(368b) Particle Filtering with Smoothing for Poor Initial Guess | AIChE

(368b) Particle Filtering with Smoothing for Poor Initial Guess

Authors 

Lang, L. - Presenter, Ohio State University


Particle filtering, also known as Sequential Monte Carlo (SMC), is a powerful simulation method to perform Bayesian inference for state space models. Among many advantages is its straightforward application to the nonlinear non-Gaussian state space models, for which the extended Kalman filter is often found to be unreliable.

However, being a simulation method with a finite particle set as constrained by available computing resources, the practical performance of SMC could be sensitive to the specified prior.
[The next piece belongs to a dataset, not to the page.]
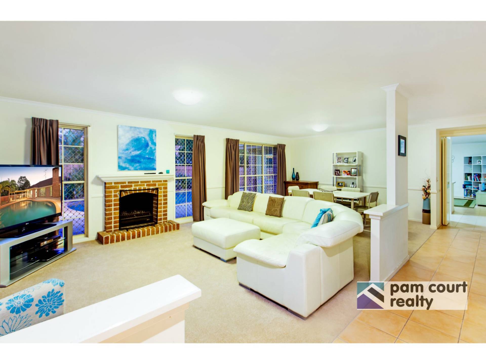 * Open plan formal lounge/dining area with functional fireplace

Poor initial guess, for example, makes a large proportion of samples drawn out of a possibly trivial region in terms of the underlying distribution. As a result, the generated samples may not recover with time and could differ severely from what would be drawn directly from the analytic posterior, if analytically available at that instant in time.

A poor initial prior could be well compensated by a few early observations because observations bear more information than the specified prior even with a small data set. Essentially, this is the smoothing estimate for SMC. To this end, we explore the use of smoothing strategies to search for a more suitable prior for reliable future inferences when an appropriate number of system observations are available. Numerical smoothing using Moving Horizon Estimation (MHE) will be discussed and compared to other methods. Specially, the incorporation of MHE smoothing into SMC is among the first efforts to integrate these two powerful tools.